Why we need Distributed Tracing

What is Distributed Tracing?​

Let’s begin to talk about what Distributed Tracing is.

You can think of Distributed Tracing as a Monitoring for Microservices

Distributed tracing is a tool of tracking application requests as they flow through your services. This gives you visibility into your system.

Tracing is agnostic to your programming language and can be used with almost every type of application or service.

For a more in-depth understanding about Distributed Tracing, I recommend you to read these two books.

Distributed Tracing in Practice

Mastering Distributed Tracing

Why do we need Distributed Tracing?

Imagine you have a Microservice architecture like this one below with a request from the client.

source

As you can you see from the Microservice architecture above, a request can go through tens or hundreds of network hops. This makes it very difficult to know the entire path the requests takes, and also very complicated to troubleshoot if you only have logs and metrics.

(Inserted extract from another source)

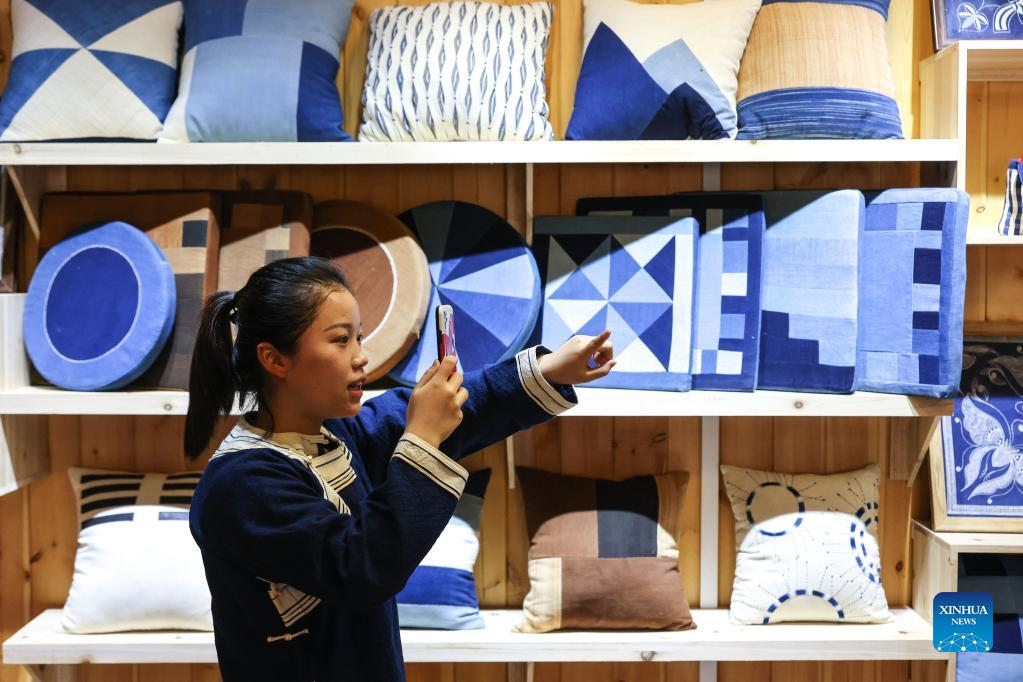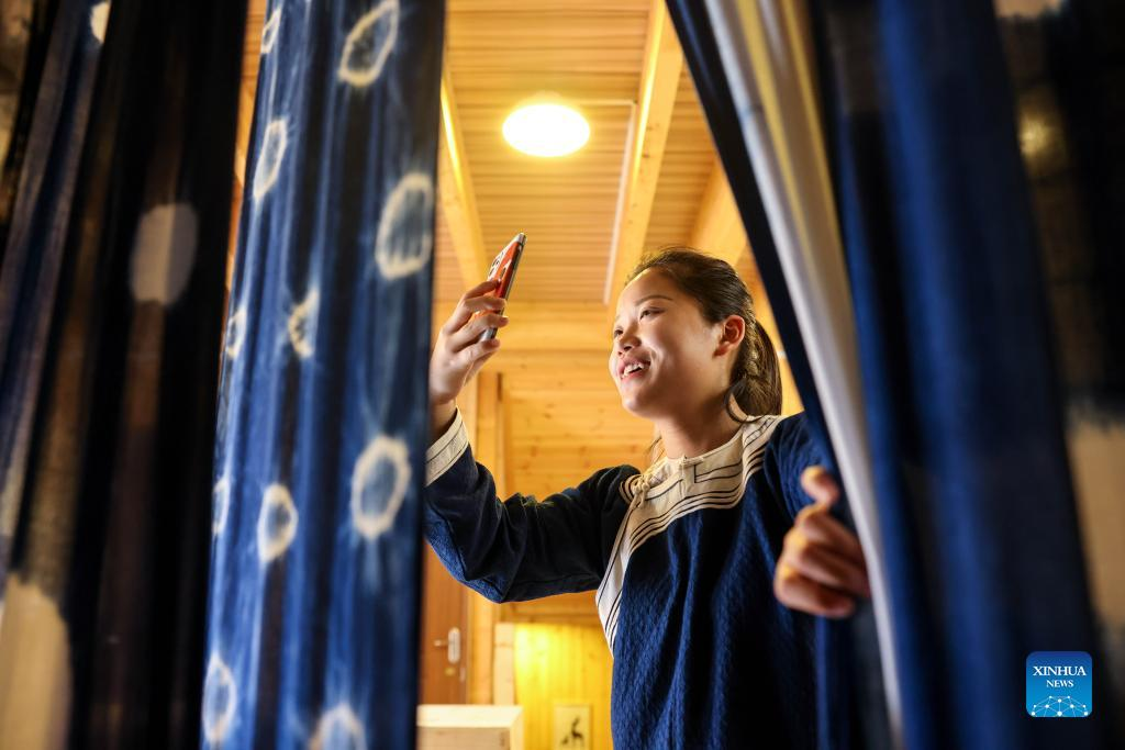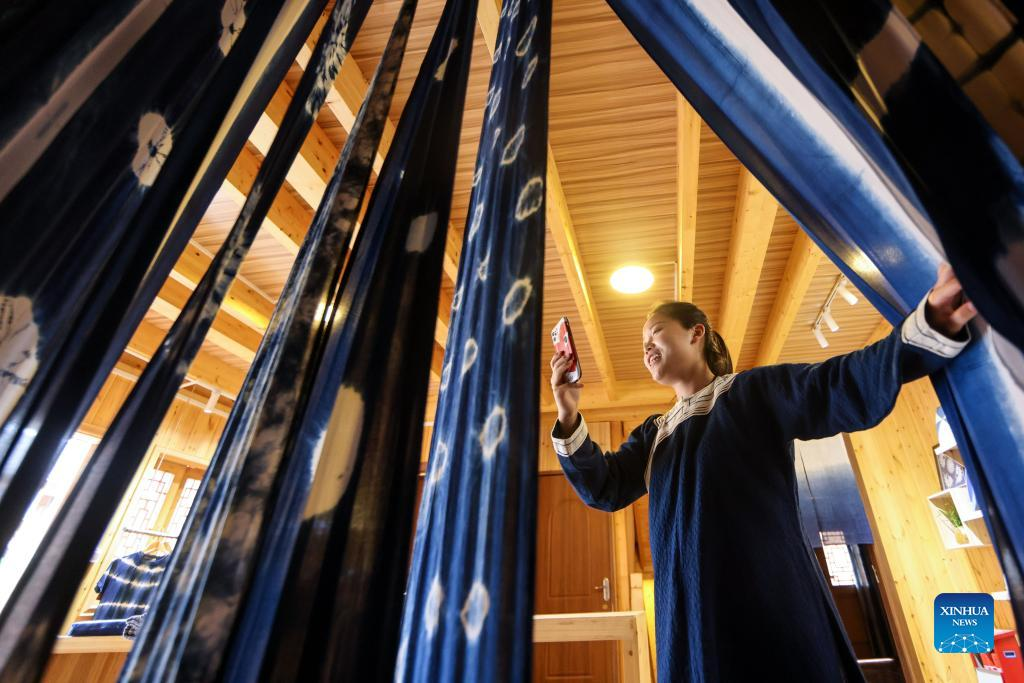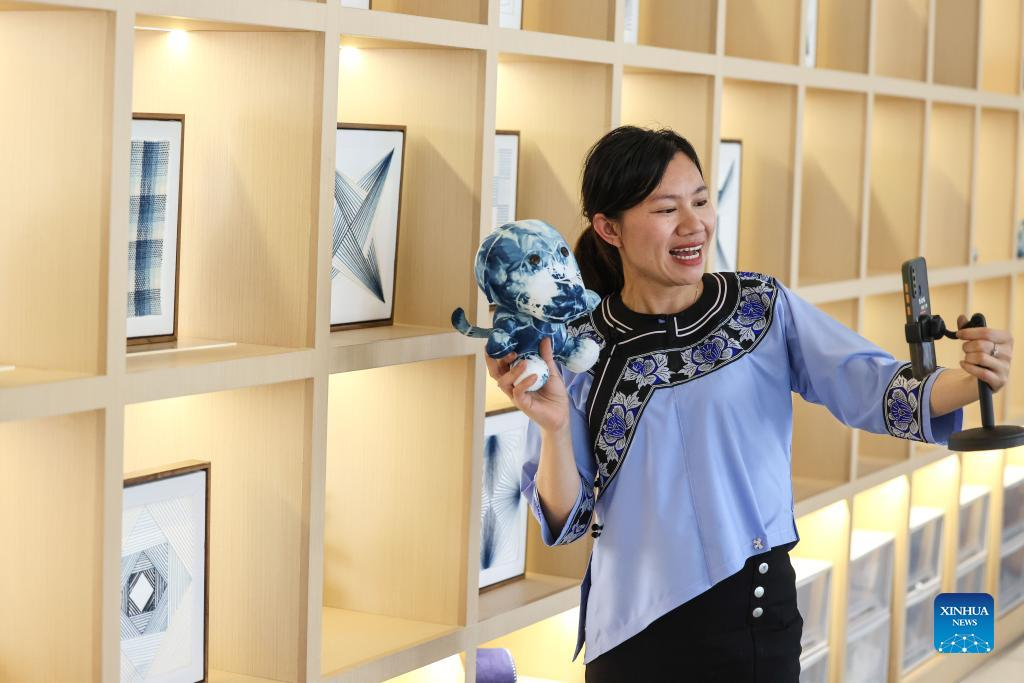 Live streamer Wu Jiamei promotes batik products in Rongjiang County, southwest China's Guizhou Province, June 23, 2022. In recent years new media has played an important role in promoting the rural revitalization projects in Rongjiang County. Local authorities have provided new media skills training service for more than 12,000 people, including inheritors of local intangible cultural heritages, youths returning hometown to start business, relocated residents and local women. It is expected that more than 2,000 livestreaming promotion teams will be fostered in Rongjiang by 2023, which will create jobs for more than 10,000 people. (Xinhua/Ou Dongqu)

When, something fails, there are many issues that you must address.

  • How can we found out the root cause?
  • How can we keep an eye on all the services it went through?

Distributed Tracing helps you to see the interaction between the services during the whole request and provides you with the insights into the full lifecycle of requests in your system.

The (trace) data (in the form of spans) generates information (metadata) which can help to understand how and why latency or errors are occurring and what impact they’re having on the entire request.

What problems does it solve?

Having the chance to understand how individual services in a request contribute to the overall performance of each request and with that understand the behaviour of their system in production is extremely helpful for developers.

This can uncover issues with the system that we were never able to see.

Having the visibility into the operation of your application helps in cases such as:​

  • Root cause analysis of failures or other incident.
  • Reduces the time to detect
  • Debugging / Troubleshooting
  • Resolves performance issues in your application.
  • Able to discover problems that you wouldn’t otherwise realise you had.

The result is that developers will spend less time troubleshooting, debugging as well as improving your systems user experience.

Distributed Tracing can help us to answering the following questions:

  • Where are the performance bottlenecks?​
  • Was there an error, if so, where did it start from?
  • What service did a request pass through?​
  • What occurred in each service for a given request?​
  • Is there a latency, if so, where?​
  • Who should I page (i.e on-call person)?

Spans and Traces

Traces

A trace is a view into a request as it moves through a distributed system. ​It’s a unique id for an action, say customer purchasing an item.

A trace is made of one or more Spans.

Spans

We can create spans in our instrumentation to describe what is happening in your application. A span represents a unit of work or operation. The first span is called the Root Span represents a request from start to finish. It creates a trace id and passes that to all downstream services as a header.

Each span belongs to exactly one trace and each span underneath the parent contains a more in-depth context of what occurs during a request.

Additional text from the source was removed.